◆ Instructions to follow:
Among the lines below, the one containing "Η εκδήλωση ξεκίνησε" opens the range and the one containing "- 🍭 SPACE FRIENDLY" closes it. Print that range exactly, without the pictures.
(Data to process begins)
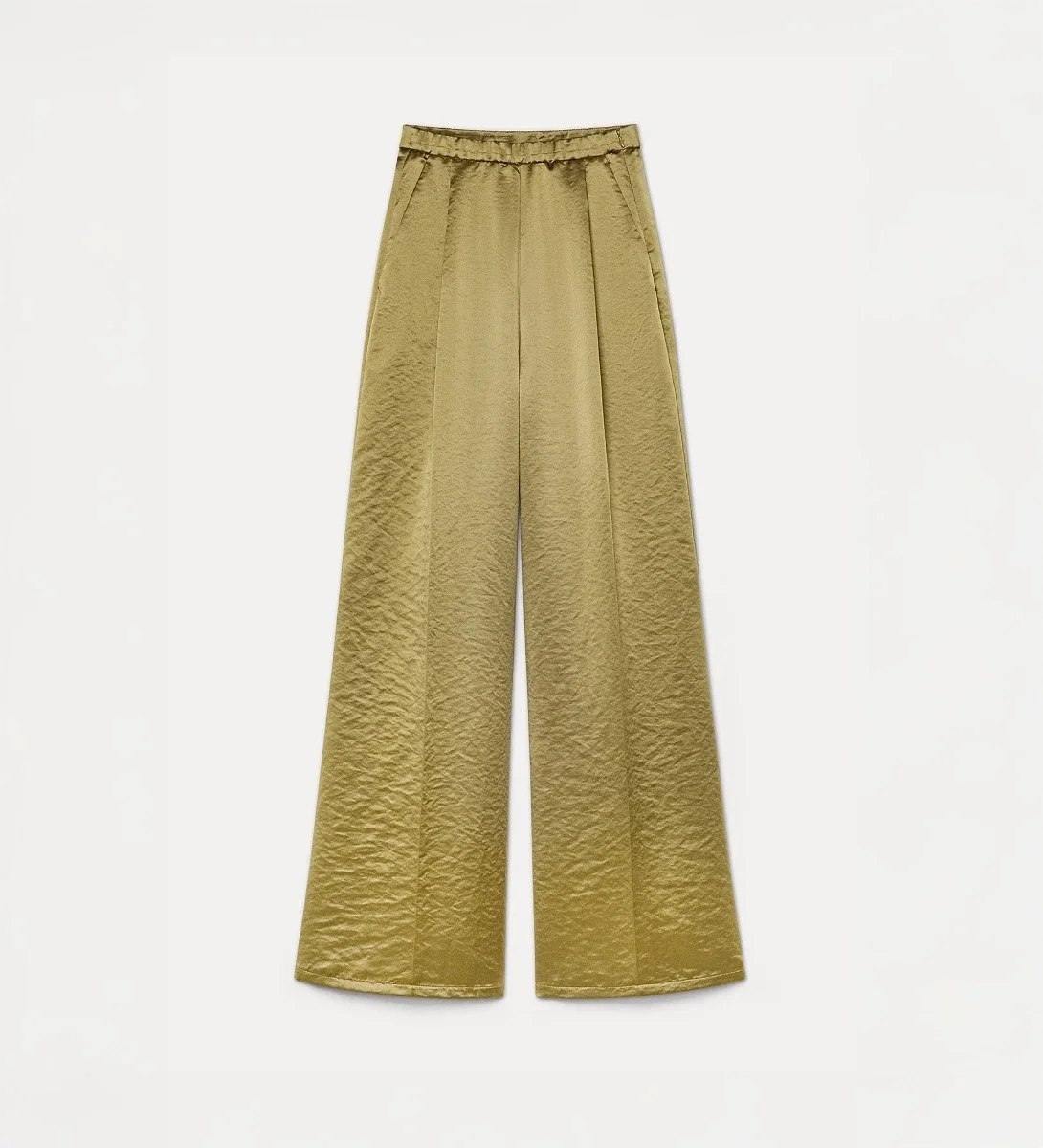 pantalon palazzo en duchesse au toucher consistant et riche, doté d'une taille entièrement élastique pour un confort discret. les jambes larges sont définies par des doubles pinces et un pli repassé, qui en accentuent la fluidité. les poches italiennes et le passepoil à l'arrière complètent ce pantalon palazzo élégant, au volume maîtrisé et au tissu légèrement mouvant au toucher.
(Data to process ends)
(Data to process begins)
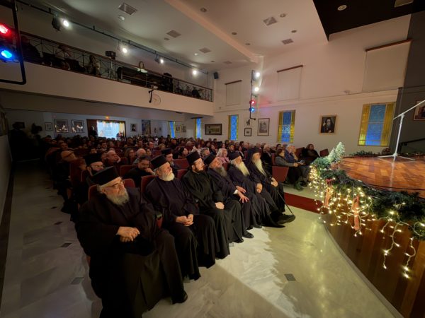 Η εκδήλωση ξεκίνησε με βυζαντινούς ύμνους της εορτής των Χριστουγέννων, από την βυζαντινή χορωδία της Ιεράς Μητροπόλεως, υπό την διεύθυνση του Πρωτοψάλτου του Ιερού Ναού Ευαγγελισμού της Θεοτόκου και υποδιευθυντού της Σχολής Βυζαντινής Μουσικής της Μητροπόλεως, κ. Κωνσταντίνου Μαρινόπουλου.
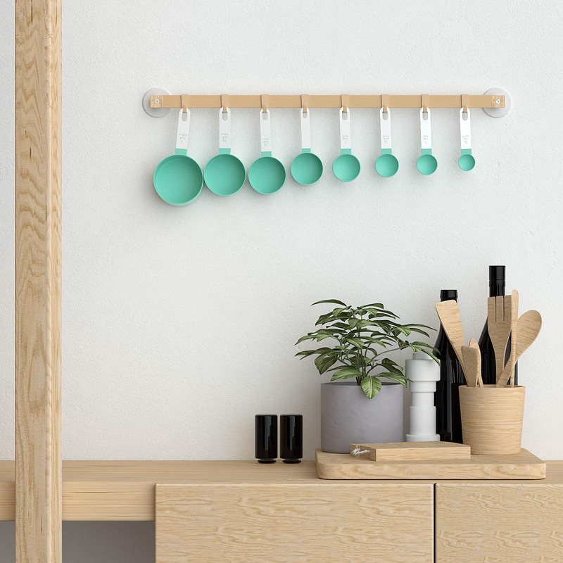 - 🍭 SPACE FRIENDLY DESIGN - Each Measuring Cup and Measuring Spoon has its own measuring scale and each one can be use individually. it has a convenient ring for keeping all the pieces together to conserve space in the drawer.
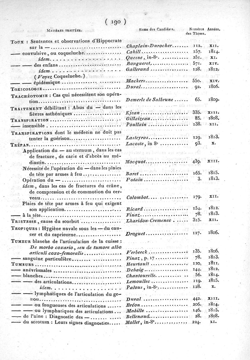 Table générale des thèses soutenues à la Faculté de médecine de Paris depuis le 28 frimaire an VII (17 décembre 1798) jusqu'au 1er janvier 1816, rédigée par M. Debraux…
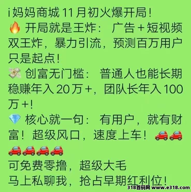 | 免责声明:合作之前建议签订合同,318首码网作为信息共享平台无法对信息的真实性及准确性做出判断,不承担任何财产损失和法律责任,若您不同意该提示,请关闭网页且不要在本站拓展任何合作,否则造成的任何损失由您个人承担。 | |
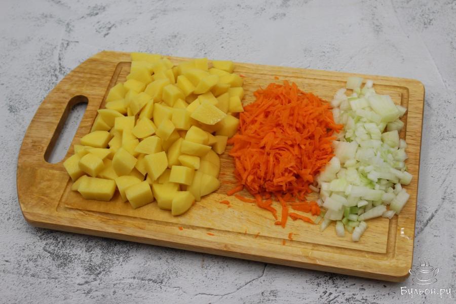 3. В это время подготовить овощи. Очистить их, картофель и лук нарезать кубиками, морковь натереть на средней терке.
(Data to process ends)
◆ Solution for this task:
 Η εκδήλωση ξεκίνησε με βυζαντινούς ύμνους της εορτής των Χριστουγέννων, από την βυζαντινή χορωδία της Ιεράς Μητροπόλεως, υπό την διεύθυνση του Πρωτοψάλτου του Ιερού Ναού Ευαγγελισμού της Θεοτόκου και υποδιευθυντού της Σχολής Βυζαντινής Μουσικής της Μητροπόλεως, κ. Κωνσταντίνου Μαρινόπουλου.
 - 🍭 SPACE FRIENDLY DESIGN - Each Measuring Cup and Measuring Spoon has its own measuring scale and each one can be use individually. it has a convenient ring for keeping all the pieces together to conserve space in the drawer.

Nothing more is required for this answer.